### Raw data
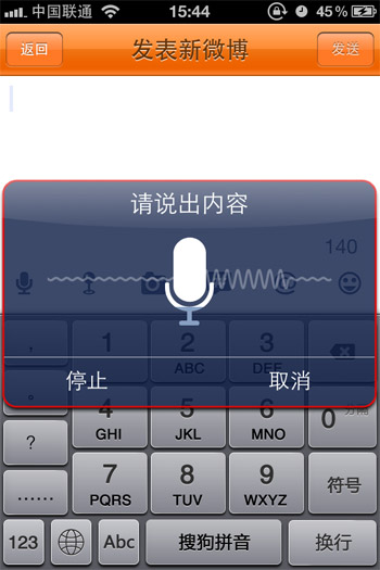 另外,在“發(fā)表新微博”輸入框底部,有明顯的語音輸入按鈕、位置定位等圖標(biāo),用戶點(diǎn)擊錄制微博,完畢后系統(tǒng)將會(huì)進(jìn)行識(shí)別計(jì)算,最后以文字形式呈現(xiàn)在輸入框中。據(jù)悉,此種方式采用了科大訊飛語音輸入技術(shù),但經(jīng)實(shí)際試用發(fā)現(xiàn),目前測試版本還還存在一定問題,對(duì)方言、同音字、語音速度、使用環(huán)境影響比較大,實(shí)際使用起來識(shí)別的效率并不高。
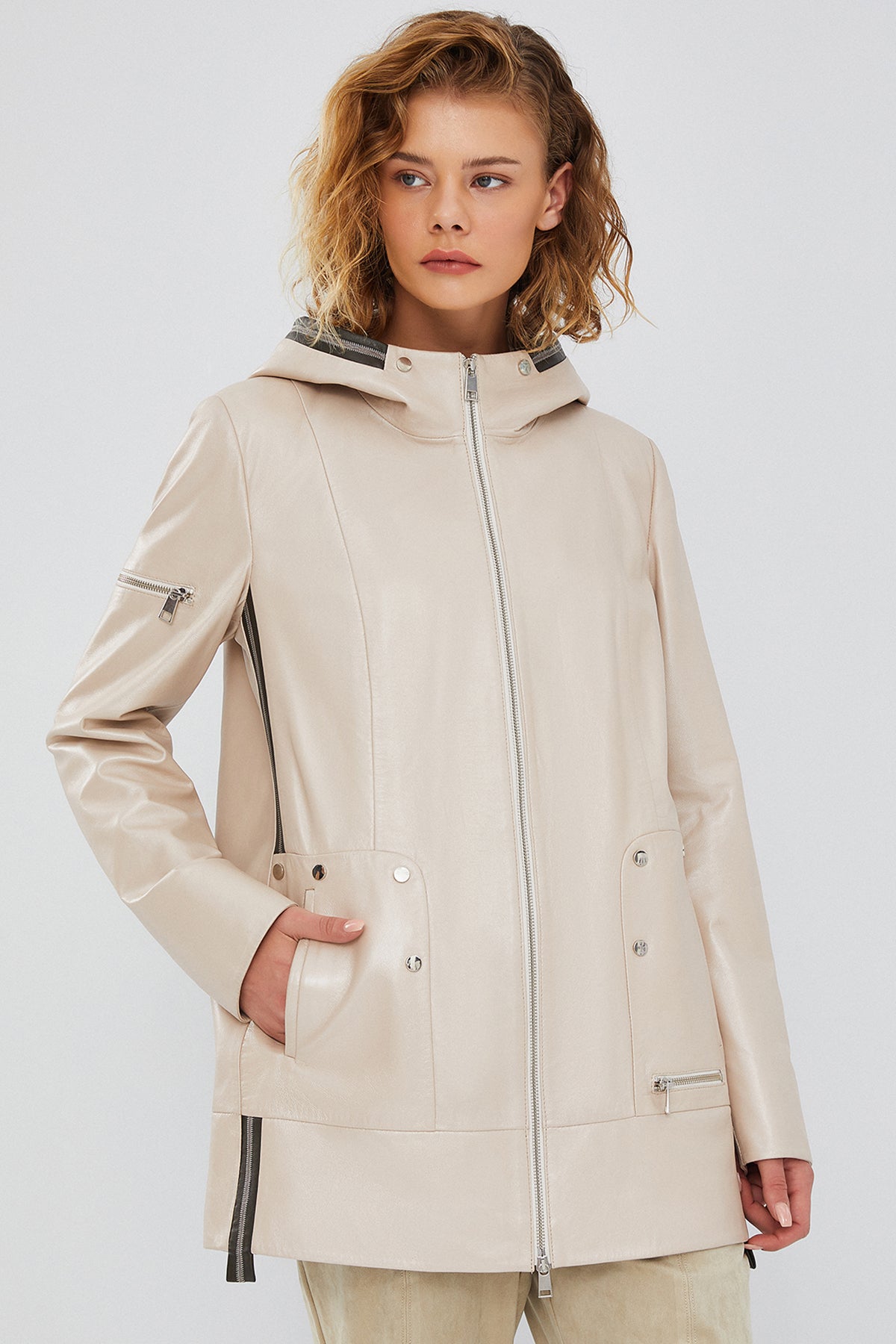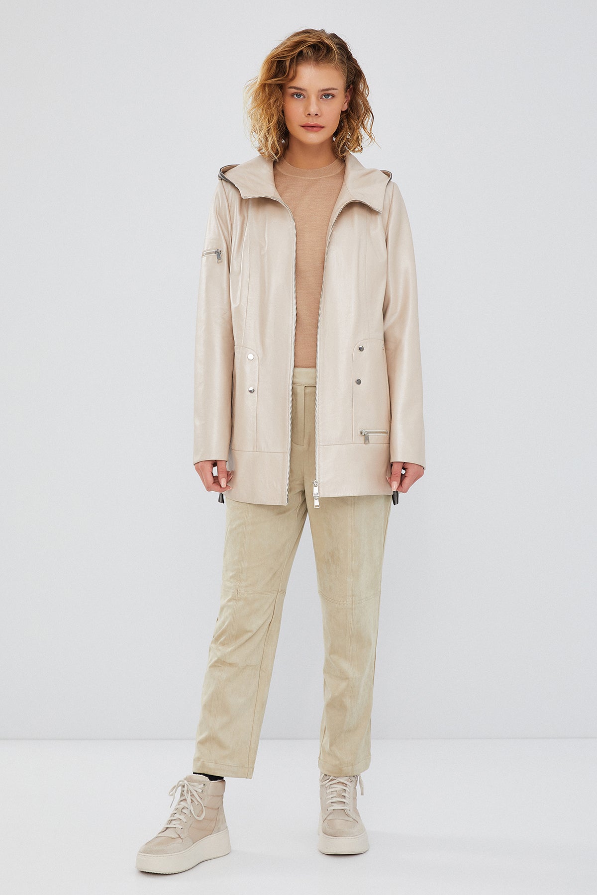 Chantal Kadın Bej Kapüşonlu Deri Kaban, zarif ve modern tasarımı ile dikkat çekiyor. Kaliteli deri materyal kullanılarak üretilen bu kaban, dayanıklılığı ve şıklığı bir araya getirir. Fermuarlı kapama sistemi pratik bir kullanım sağlarken, kapüşonlu tasarımı soğuk havalarda ekstra koruma sunar. A-form kesimi sayesinde rahat ve konforlu bir giyim deneyimi sunan bu kaban, her bedene uyum sağlar. Bej rengi ile her türlü kıyafetle mükemmel uyum sağlayan Chantal Kadın Kapüşonlu Deri Kaban, hem günlük kullanım hem de özel günler için ideal bir seçimdir. Bu kabanla her zaman şık ve tarz sahibi görüneceksiniz. Ürünün kodu: 23WGD5110U4 P8
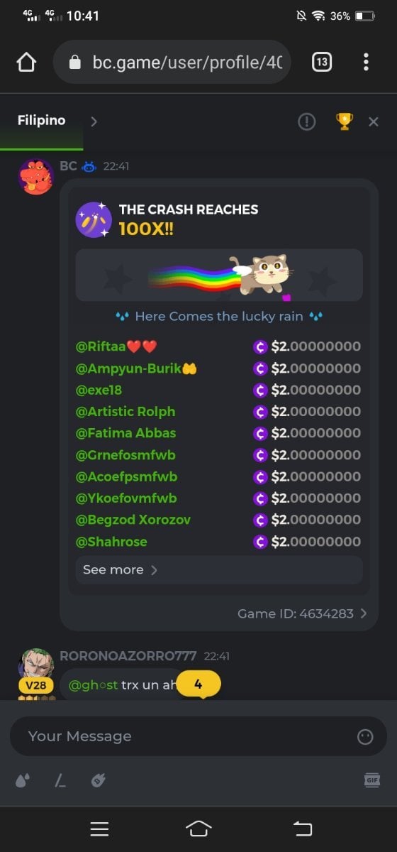 Furthermore, with the BC.Game 3.0 update, of course, there are many new features that are very useful for players, such as the lucky whell spin with prizes that increase with the level of the players, then the rain system which automatically gives rain to lucky players when there are players who benefit. 500$ and over 100x crash result, these features are very useful for us players. but there is one thing in my opinion that should not be changed, namely the BCD dashboard, where it becomes difficult for those of us who have little capital, of course we have to make a minimum bet of 5000$ so that we can claim a locked 10$BCD, if I may suggest, I hope the minimum limit can be reduced from 10BCD to 1 BCD. that's all my advice, hopefully BC.Game will be more successful and of course many players will also be successful.
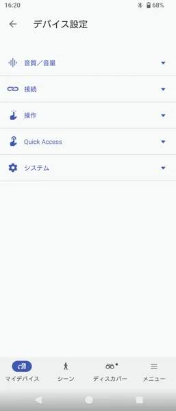 ホーム画面に表示される、リスニングモードやイコライザーなども、その本体は「デバイス設定」内に含まれていて、ショートカットとして表示させている。ホーム画面に表示するショートカットは、自由に選択可能。
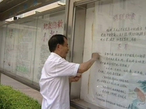 家住东钱湖旅游度假区钱湖人家社区的退休党员教师王善待,不计个人得失,从四年前起,一直承担着义务办社区黑板报的工作。
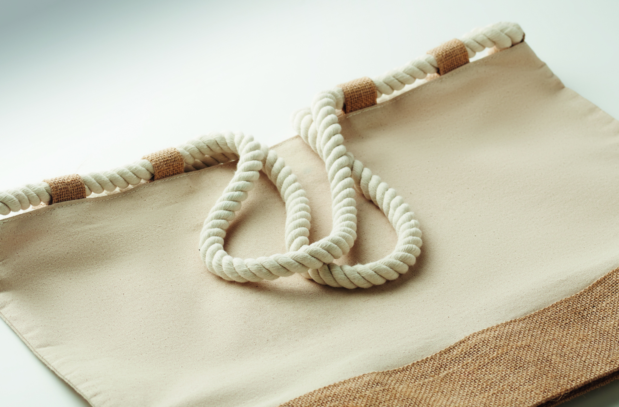 Rantakassi 280 g/m² puuvillakankaasta ja juutista, jossa nyörikahvat. Vetoketjukiinnitys, juutilla päällystetty pohja ja 10 juuttilenkkiä.
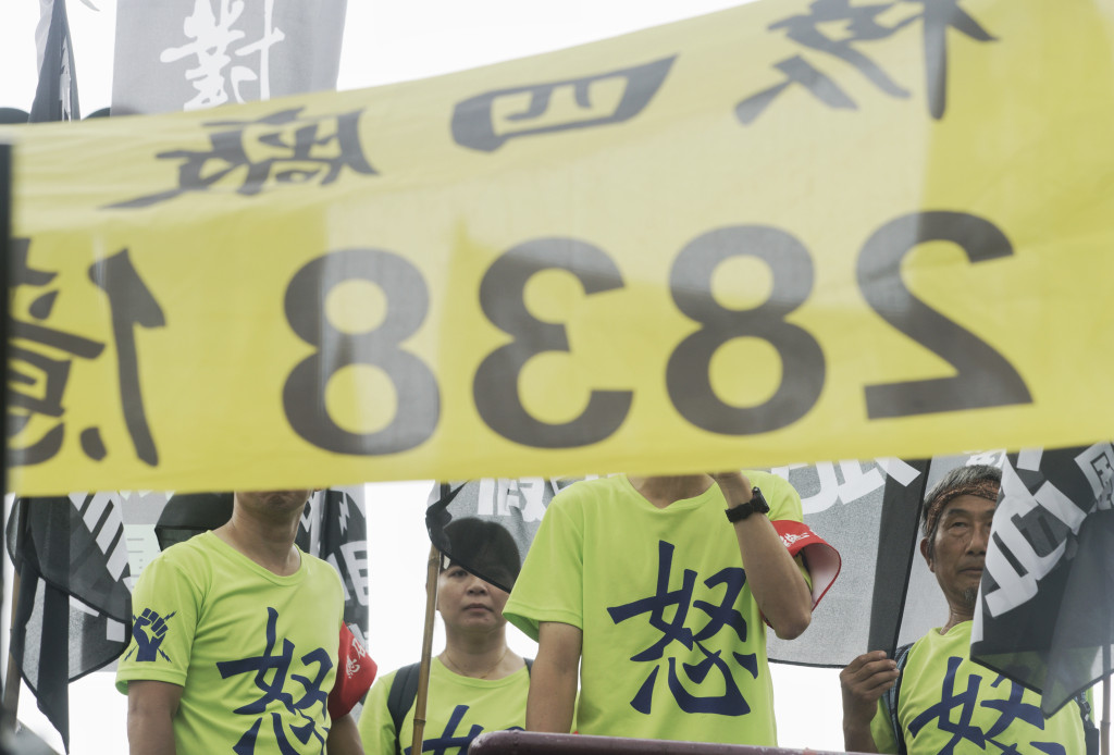 台電員工為反對立院將修《電業法》, 5日起發起「全台南北串連步行活動」,今(19)日抵監察院外聚集抗議;對閣揆林全昨天不滿風災後水電復原進度,稍晚雖然政院以「同理心」為由澄清,不過大批身穿「怒」字綠上依的抗議群眾仍高喊「院長失言、還我尊嚴」。
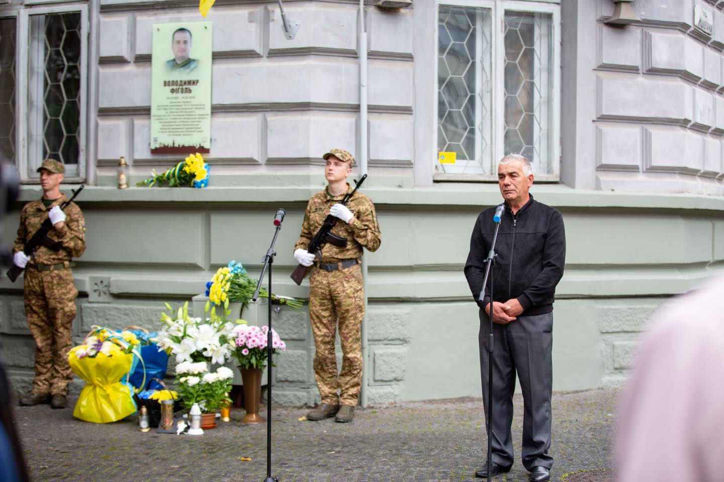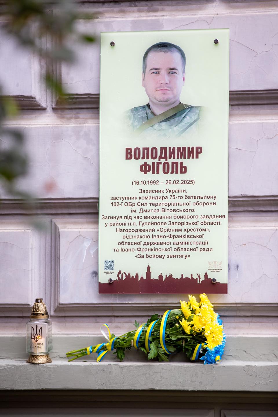 Відкрили анотаційну дошку Володимиру Фіголю — захиснику України, заступнику командира 75-го батальйону 102-ї бригади Сил територіальної оборони ім. Дмитра Вітовського.
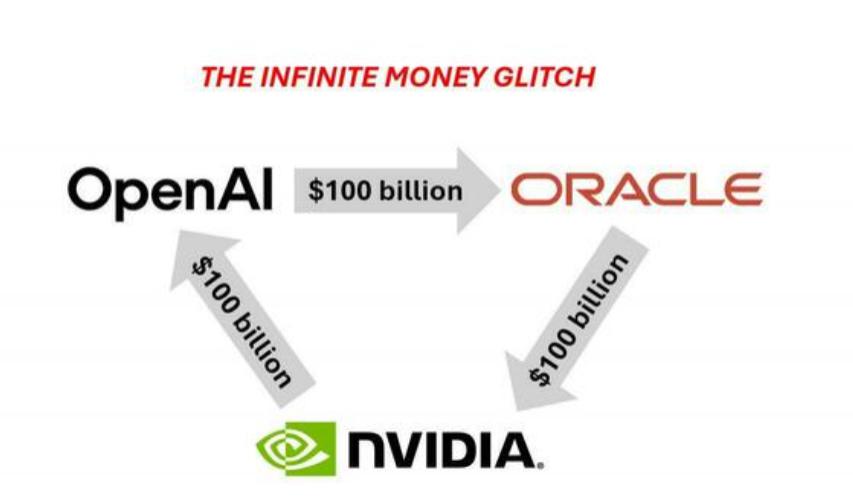 摩根大通分析师 Michael Cembalest 在他最新的《市场观察》报告中,精辟地描述了这种被许多同行称为 " 无限金钱漏洞 "(infinite money glitch)的 AI 循环经济。
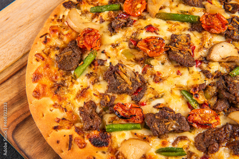 신선한 재료로 만든 토핑을 올린 맛있는 이탈리아 전통 피자
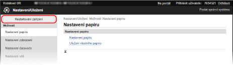 Pro restartování zařízení pomocí vzdáleného uživatelského rozhraní jsou vyžadována oprávnění správce.
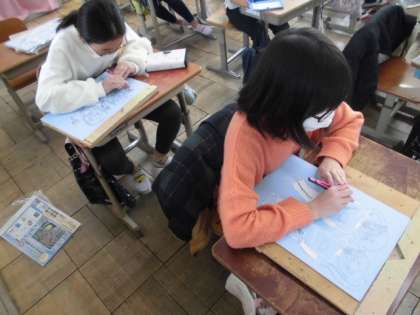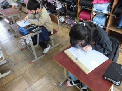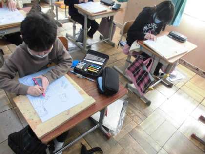 作品展に向けて木版画に取り組んでいます。下絵を板に写していたので,いよいよ彫刻刀で彫り進めていきます。彫り方や向きによって,版画にした時に印象が変わってきます。どこを彫るのか,どういう向きで彫るのか,よく考えて彫っていました。
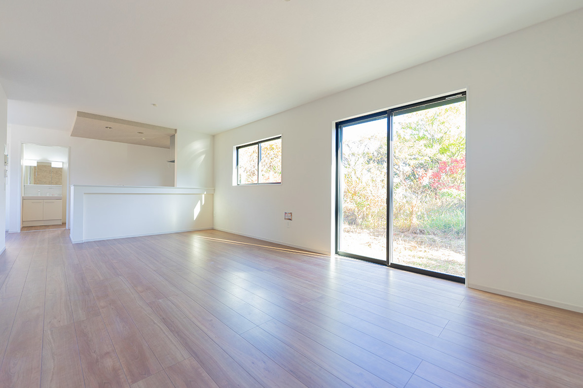 一歩足を踏み入れると、その明るさに驚くはずです。ピュアホワイトの壁紙が南からの自然光を柔らかく反射し、部屋全体を優しく包み込みます。足元には温もりを感じる明るい木目調のフローリング。どんなインテリアも美しく映える、シンプルでありながら計算し尽くされた空間です。

### Task
Begin at the first line of the data above and repeat each line exactly, stopping after the line containing "Chantal Kadın Bej". Omit the pictures.

### Result of this exercise
 另外,在“發(fā)表新微博”輸入框底部,有明顯的語音輸入按鈕、位置定位等圖標(biāo),用戶點(diǎn)擊錄制微博,完畢后系統(tǒng)將會(huì)進(jìn)行識(shí)別計(jì)算,最后以文字形式呈現(xiàn)在輸入框中。據(jù)悉,此種方式采用了科大訊飛語音輸入技術(shù),但經(jīng)實(shí)際試用發(fā)現(xiàn),目前測試版本還還存在一定問題,對(duì)方言、同音字、語音速度、使用環(huán)境影響比較大,實(shí)際使用起來識(shí)別的效率并不高。
 Chantal Kadın Bej Kapüşonlu Deri Kaban, zarif ve modern tasarımı ile dikkat çekiyor. Kaliteli deri materyal kullanılarak üretilen bu kaban, dayanıklılığı ve şıklığı bir araya getirir. Fermuarlı kapama sistemi pratik bir kullanım sağlarken, kapüşonlu tasarımı soğuk havalarda ekstra koruma sunar. A-form kesimi sayesinde rahat ve konforlu bir giyim deneyimi sunan bu kaban, her bedene uyum sağlar. Bej rengi ile her türlü kıyafetle mükemmel uyum sağlayan Chantal Kadın Kapüşonlu Deri Kaban, hem günlük kullanım hem de özel günler için ideal bir seçimdir. Bu kabanla her zaman şık ve tarz sahibi görüneceksiniz. Ürünün kodu: 23WGD5110U4 P8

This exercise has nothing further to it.